- _INPUT DATA_:
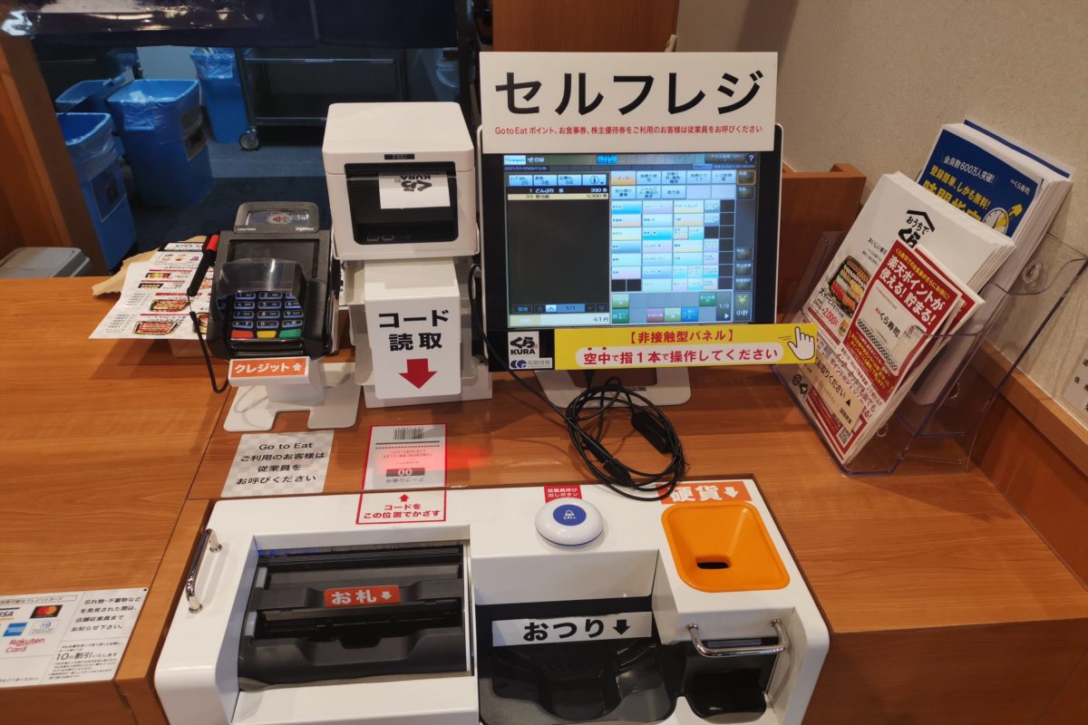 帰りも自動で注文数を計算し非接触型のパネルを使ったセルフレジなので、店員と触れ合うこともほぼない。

...

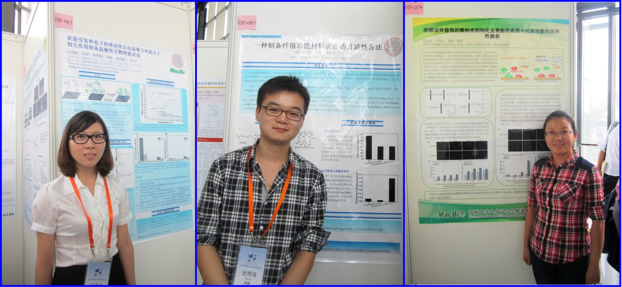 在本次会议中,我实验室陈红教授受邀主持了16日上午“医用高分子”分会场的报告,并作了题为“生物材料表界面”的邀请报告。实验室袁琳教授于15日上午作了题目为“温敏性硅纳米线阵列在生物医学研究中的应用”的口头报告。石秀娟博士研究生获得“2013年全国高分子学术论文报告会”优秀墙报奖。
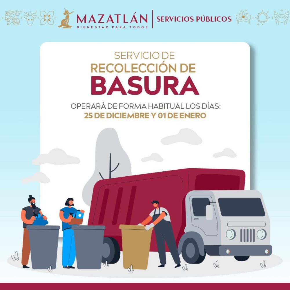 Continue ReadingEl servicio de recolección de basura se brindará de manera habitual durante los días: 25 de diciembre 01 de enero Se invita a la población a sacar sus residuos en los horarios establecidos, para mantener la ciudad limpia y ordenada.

- _EXERCISE INSTRUCTIONS_:
Look above for the line with "在本次会议中,我实验室陈红教" and the line with "Continue ReadingEl servicio", then restate exactly those two lines and all lines between them, with no pictures.

- _TASK RESULT_:
 在本次会议中,我实验室陈红教授受邀主持了16日上午“医用高分子”分会场的报告,并作了题为“生物材料表界面”的邀请报告。实验室袁琳教授于15日上午作了题目为“温敏性硅纳米线阵列在生物医学研究中的应用”的口头报告。石秀娟博士研究生获得“2013年全国高分子学术论文报告会”优秀墙报奖。
 Continue ReadingEl servicio de recolección de basura se brindará de manera habitual durante los días: 25 de diciembre 01 de enero Se invita a la población a sacar sus residuos en los horarios establecidos, para mantener la ciudad limpia y ordenada.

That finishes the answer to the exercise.